LadyStardust schreef:
Traagzame passen zette hij vooruit, het kamp rondom zich in zich opgenomen, puur om zijn licht heimwee gerust te stellen. Hij was terug. Nooit had hij erge last van heimwee, het nooit gevoeld door het gebrek aan een thuisbasis. Schepen waren zijn thuis. Eilanden waar hij soms een aantal nachten op doorbracht behoorden hier ook toe. En toch, ondanks alle ontkenende gedachten was het prettig om terug te zijn in het kamp.
De deur kraakte bij het openen, het gepiep van de schanieren kwam ergerlijk bij hem binnen. Niet meteen kwam hij aan bij het kantoor van mr. D, hiervoor nog een deur moeten passeren, waar hij eerst een op klopte. 'Come in.' Hoorde hij een bekende stem mompelen, en toch verstaanbaar genoeg voor Davey om het te verstaan. Davey duwde de deur open en meteen werd hij bekeken door de god. 'Davey! My boy, take a seat.' Enthousiast bracht hij het naar buiten, zijn hand gebarend naar de stoel tegenover zijn bureau, waarop Davey plaats nam. 'I heard you need a new ship, because I'm assuming the last one got destroyed again.' Davey knikte even. 'Poseidon?' Een lach liet de jongen horen, onderwijl hij zijn hoofd schudde. 'Oh no, let me tell you.' Ook mr. D lachte even, onderwijl hij hem liet spreken. 'So here I was, crew and all, just chilling on this island for a while, because why not. So one of my crew members does something stupid and Zeus gets mad, like, furious. So the next day we set sail, ready to get back home or to whatever island we can find. And this fucker-' Mr. D onderbrak hem, wat ergens begrijpelijk was. 'Be respectfull, Davey.' Davey kon echter alleen met zijn ogen rollen. 'So this god sends lightning right into my ship. The whole thing explodes, my entire crew is dead. I am left clinging to a piece of wood, trying to comprehend what just happened, when he sends a gust of wind, sending me straight into the ocean. I, ofcourse, am a little angry myself, only to be distracted by Charybdis. Who even created that thing?' Hij was even stil, aangehoord hoe mr. D zat te lachen. 'Probably Zeus.' Werd hem toen verteld. 'Or Poseidon, it is a sea monster after all.' Voegde de god er nog aan toe. 'I figured.' Mompelde Davey wat chagrijnig.

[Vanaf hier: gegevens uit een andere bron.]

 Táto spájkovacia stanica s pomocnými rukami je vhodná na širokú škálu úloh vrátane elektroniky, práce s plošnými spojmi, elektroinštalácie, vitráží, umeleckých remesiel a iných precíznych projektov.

'So that thing eats my piece of wood, letting me to cling onto a rock that stuck out above the water. A few hours later, I get my piece of wood back, so I paddle the hell out of there. I don't know how long it was, but I washed up on the shore of an island. The king gave me a ship and a crew and they brought me back here.' Mr. D leek sprakeloos, Davey knikte even. 'I'll get you a new ship.' Een glimlach vertoonde Davey. 'Thanks.' En daarmee stond hij op, richting de deur gelopen, nadat hij gedag had gezegd.

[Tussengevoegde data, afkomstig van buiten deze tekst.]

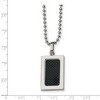 This stainless steel necklace features a black carbon fiber inset and a 22 inch ball chain finished with a fancy lobster clasp. The polished rectangular pendant measures approximately 5/8 inches by 1 3/8 inch including the bail. Additional features include: polished 316l stainless steel; black carbon fiber inset; 1 3/8 inch pendant on a 22 inch ball chain; weight is approximately 15.71 grams.

Slenterend liep hij richting zijn cabin. Het hele kamp moest hij door, ondanks zijn gebrek aan energie. Hier en daar begroette hij wat kampers, onderwijl hij zijn naam op sommige komenten hoorde. Ze hadden door dat zijn terugkomst bijzonder was. Hij was immers vaak weg, maar als hij er was had hij veel te vertellen. Ditmaal had hij er geen zin in, hij zal wel wat verhalen vertellen tijdens het eten. Eindelijk arriveerde hij bij de cabins. Vanuit zijn ooghoek zag hij Melanthi op het dak van, wat hij verwachtte, Artemis' cabin zitten. Even stond hij stil, vragend gekeken naar hoe ze op het dak gekomen was, vooraleer hij zich realiseerde dat de cabin verschilde van de anderen qua dak. Hij liep weer verder, naar zijn eigen cabin. Indrukwekkend was het niet. Geheel van hout gemaakt, nog kleinder dan de rest van de cabins. De deur duwde hij open, waarna hij even zuchtte. Het was een rommel binnen, wat het altijd was. Spullen die hij had meegebracht van zijn reizen stonden overal, het bijna laten leken op de kapiteinshut van een schip. Veel meubulir was er ook niet. Een hangmat, bank, kast en bureau met stoel stonden er, verder waren het planken aan de muur en wapens die er rondgeslingerd lagen. Davey liet zich vallen op de bank, zijn ogen even gesloten.